→ **PROBLEM DESCRIPTION**:
Write out, from the entries below, exactly the lines that run between the lines holding "在11月16日8时至18日7" and "式中,u sa 、u sb", inclusive, and stop there.

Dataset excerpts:
◇ ◇ ◇

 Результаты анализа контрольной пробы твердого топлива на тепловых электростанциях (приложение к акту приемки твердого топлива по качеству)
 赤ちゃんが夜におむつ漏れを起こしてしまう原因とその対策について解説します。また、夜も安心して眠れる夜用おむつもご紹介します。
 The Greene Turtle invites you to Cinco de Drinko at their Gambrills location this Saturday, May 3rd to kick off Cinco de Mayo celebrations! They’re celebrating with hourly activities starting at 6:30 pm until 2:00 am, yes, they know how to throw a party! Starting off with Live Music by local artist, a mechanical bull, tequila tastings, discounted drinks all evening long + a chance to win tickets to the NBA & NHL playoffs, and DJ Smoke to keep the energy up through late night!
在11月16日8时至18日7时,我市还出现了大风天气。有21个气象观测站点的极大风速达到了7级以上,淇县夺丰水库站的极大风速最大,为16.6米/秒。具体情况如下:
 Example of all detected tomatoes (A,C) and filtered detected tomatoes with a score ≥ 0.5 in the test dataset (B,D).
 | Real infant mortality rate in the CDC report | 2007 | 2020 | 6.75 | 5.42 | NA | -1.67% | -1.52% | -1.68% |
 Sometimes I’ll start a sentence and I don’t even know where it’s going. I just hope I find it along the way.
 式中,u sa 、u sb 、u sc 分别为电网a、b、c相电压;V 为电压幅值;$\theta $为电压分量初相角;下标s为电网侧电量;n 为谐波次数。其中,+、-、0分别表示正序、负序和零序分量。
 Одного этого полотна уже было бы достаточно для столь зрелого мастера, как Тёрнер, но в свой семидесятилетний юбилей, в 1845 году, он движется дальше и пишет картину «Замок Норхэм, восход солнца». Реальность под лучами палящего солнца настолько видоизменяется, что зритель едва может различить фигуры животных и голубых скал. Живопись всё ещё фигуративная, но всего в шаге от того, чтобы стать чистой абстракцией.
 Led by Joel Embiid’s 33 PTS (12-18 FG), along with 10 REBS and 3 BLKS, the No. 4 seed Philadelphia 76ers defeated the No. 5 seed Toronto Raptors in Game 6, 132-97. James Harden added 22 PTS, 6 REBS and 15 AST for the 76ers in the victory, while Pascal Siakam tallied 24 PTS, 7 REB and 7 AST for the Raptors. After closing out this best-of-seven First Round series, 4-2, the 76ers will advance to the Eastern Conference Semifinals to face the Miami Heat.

◇ ◇ ◇

→ **RESULT OF THIS EXERCISE**:
在11月16日8时至18日7时,我市还出现了大风天气。有21个气象观测站点的极大风速达到了7级以上,淇县夺丰水库站的极大风速最大,为16.6米/秒。具体情况如下:
 Example of all detected tomatoes (A,C) and filtered detected tomatoes with a score ≥ 0.5 in the test dataset (B,D).
 | Real infant mortality rate in the CDC report | 2007 | 2020 | 6.75 | 5.42 | NA | -1.67% | -1.52% | -1.68% |
 Sometimes I’ll start a sentence and I don’t even know where it’s going. I just hope I find it along the way.
 式中,u sa 、u sb 、u sc 分别为电网a、b、c相电压;V 为电压幅值;$\theta $为电压分量初相角;下标s为电网侧电量;n 为谐波次数。其中,+、-、0分别表示正序、负序和零序分量。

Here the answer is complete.